To begin, let’s first understand what this inequality represents. The equation 2y > 2x² can also be written as y > x². It describes a region in the coordinate plane where y is greater than x squared. Graphing this inequality allows us to visualize the area that satisfies this condition.

To graph the inequality, we’ll start by creating a table of values and then plot these points on a coordinate plane. Let’s choose some x-values and find their corresponding y-values using the equation y = x².

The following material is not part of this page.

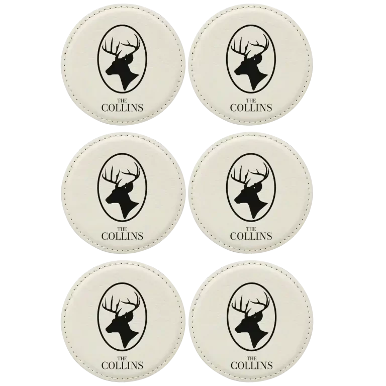 Personalized Deer Family Name Round Leatherette Coasters Set of 6 – White

Let’s take x = -2, -1, 0, 1, and 2 as our example values. Substituting these into the equation gives us:

For x = -2: y = (-2)² = 4
For x = -1: y = (-1)² = 1
For x = 0: y = (0)² = 0
For x = 1: y = (1)² = 1
For x = 2: y = (2)²=4

Now that we have our pairs of values (x, y), we can plot them on a graph. The points are (-2,4), (-1,1), (0,0), (1,1), and (2,4).

Next, we draw a smooth curve passing through these points. Since our inequality is greater than, we need a dashed line instead of a solid one to indicate that the boundary is not included in the solution.

Now that we have our graph plotted with its dashed line, we need to determine which side of the boundary satisfies the inequality y > x². We can select a test point on either side of the curve and substitute its coordinates into the inequality.

Let’s take the point (0,1) as a test point. Substituting these values into our inequality, we have:

2(1) > 2(0)²
2 > 0

Since 2 is indeed greater than 0, this means that all points on this side of the curve satisfy the inequality.

To summarize, when solving the inequality 2y > 2x² or y > x², we graphed it by creating a table of values, plotting points on a coordinate plane, and drawing a dashed line through those points. We then determined which side of the boundary satisfies the inequality by using a test point. In this case, any point on the side above our dashed curve satisfies the condition y > x².

Graphing inequalities helps us visualize solution regions and better understand their mathematical representations. It is an effective method for solving and analyzing various types of inequalities.

Remember to always double-check your work and pay attention to whether your inequality is inclusive or exclusive when graphing and interpreting solutions.